МЕД И ЖЕЛЕЗО: истории из Донбасса

При температуре за тысячу градусов в раскаленных доменных печах железо начинает изменять свое состояние — оно имеет горячий желтый цвет, становится жидкостью и медленно течет, напоминая мед. Железо и мед — две разные субстанции, два мира, которые параллельно существуют на Донбассе. Именно здесь на востоке, где царит война и ежедневно слышно о смерти, производят наибольшее в Украине количество меда и железа. Эти две субстанции текут на Донбассе как две желтые реки, живут по своим законам, совершенно не похожи друг на друга, но которые иногда пересекаются …

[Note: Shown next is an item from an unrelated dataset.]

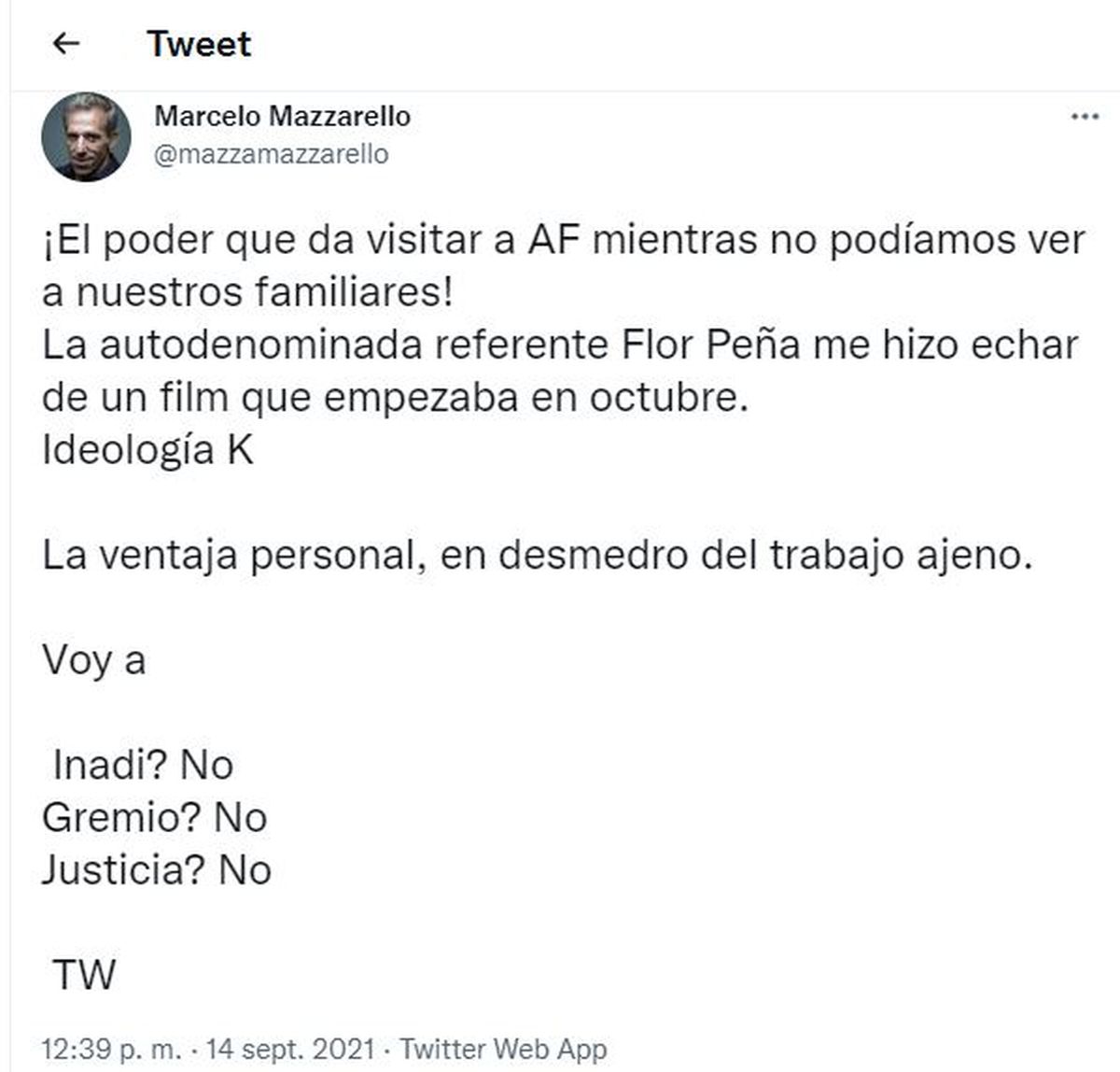 Según relató el actor Marcelo Mazzarello, él pidió a los productores hablar con Florencia Peña para aclara la situación, pero le dijeron que no era una buena idea porque Peña "estaba sensible". Tras quedar fuera del proyecto, el actor escribió en su Twitter: “¡El poder que da visitar a Alberto Fernández mientras no podíamos ver a nuestros familiares! La autodenominada referente Flor Peña me hizo echar de un film que empezaba en octubre. Ideología K, la ventaja personal, en desmedro del trabajo ajeno”.

 — Мне невестка недавно литровую банку меда принесла … Я ей говорю: «Оксана, шо ты мне такое принесла? Мне литровая банка на неделю- полторы …»  А она меня спрашивает: «Та куды вы тот мед диваете? »… А куды я его диваю? … Я его даже не наливаю… а так, с банки — буль и водичкой запила … и на ночь тоже — с банки буль — и водичкой запила … может, потому и держит меня так долго… – рассказывает мне на кухне в компании своих подруг восьмидесятидвухлетняя Светлана Григорьевна. «Вот как дедушка мой был, то и мед был … а как дедушки нет, то и ничего нет …», — вздыхает Света, как ее называют подруги … Когда она говорит за «дедушку», ее выцветшие, печальные глаза становятся влажными, а подбородок начинает дрожать…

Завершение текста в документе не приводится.